In summary, we discovered that LPS stimulation downregulates the expression of the transcriptional co-repressor SDS3 in microglia, and SDS3 regulates the activation of the p38 MAPK signaling pathway through the modulation of the upstream kinase ASK1, thereby modulating LPS-induced inflammatory responses in microglia (Fig. 7C). It is worth noting that SDS3 does not possess specific DNA-binding activity, and its recruitment to the genome depends on sequence-specific transcription factors such as FOXK1 [81]. Further studies are needed to investigate the specific transcription factors that can bind to the ASK1 promoter region and the involvement of other coacting histone-modifying enzymes in the regulation of ASK1 expression.

Conclusion

Neuroinflammation is a stress response in the central nervous system that helps maintain homeostasis.

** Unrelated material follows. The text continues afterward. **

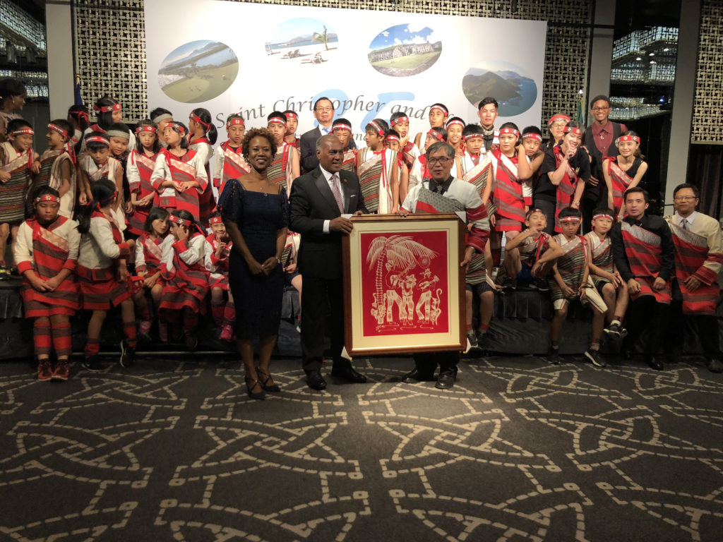 With them in the audience was the Honorable Vance W. Amory, Senior Minister and Minister of Nevis Affairs, Social Security and Ecclesiastical Affairs and Mrs. Amory, Her Excellency Jasmine Huggins, Ambassador of Saint Christopher and Nevis to the Republic of China (Taiwan), high level officials from the Ministry of Foreign Affairs of the Republic of China (Taiwan) and members of the diplomatic Corps and Representatives of Foreign Offices in Taiwan. In her remarks, Ambassador Huggins stated that the evening was special “as it brings together diverse cultures though a universal medium, music…The Pantastics, who traveled from Saint Kitts and Nevis for this special occasion, have captivated audiences throughout the region, winning accolades where ever they have played, and they are excited to display their skills and share their love of steelpan music with you”. Ambassador Huggins further welcomed the Jiaxin Elementary school choir noting that their “impressive performance in Europe after a short learning period earned them the gold medal and the Special Jury Prize in the 2018 Franz-Schubert International Choir Competition”.

Excessive and persistent neuroinflammation leads to neuron death and contributes to the pathogenesis of various NDs. Microglia play a crucial role in maintaining central nervous system homeostasis. Excessive and sustained neuroinflammation mediated by microglia leads to neuron dysfunction and death, which is closely associated with the pathogenesis of various NDs. The Sin3/HDAC complex is a classic multiprotein complex in mammals that is primarily involved in transcriptional repression through its deacetylase activity. SDS3 is a core component of the Sin3/HDAC complex and is essential for maintaining complex integrity and deacetylase activity. Through a series of experiments and ‘omics analyses, we validated that downregulation of SDS3 can promote the expression of the upstream kinase ASK1, activate the p38 MAPK signaling pathway, and subsequently enhance LPS-induced inflammatory responses in microglia. We provide important evidence of the contributions of SDS3 toward microglial inflammation, thereby extending the inhibitory role of the Sin3/HDAC complex to inflammation in microglia. Importantly, our findings highlight the crucial role of SDS3 in this regulatory function and provide new insights into the biological function of SDS3 and the regulatory mechanisms of microglial inflammation.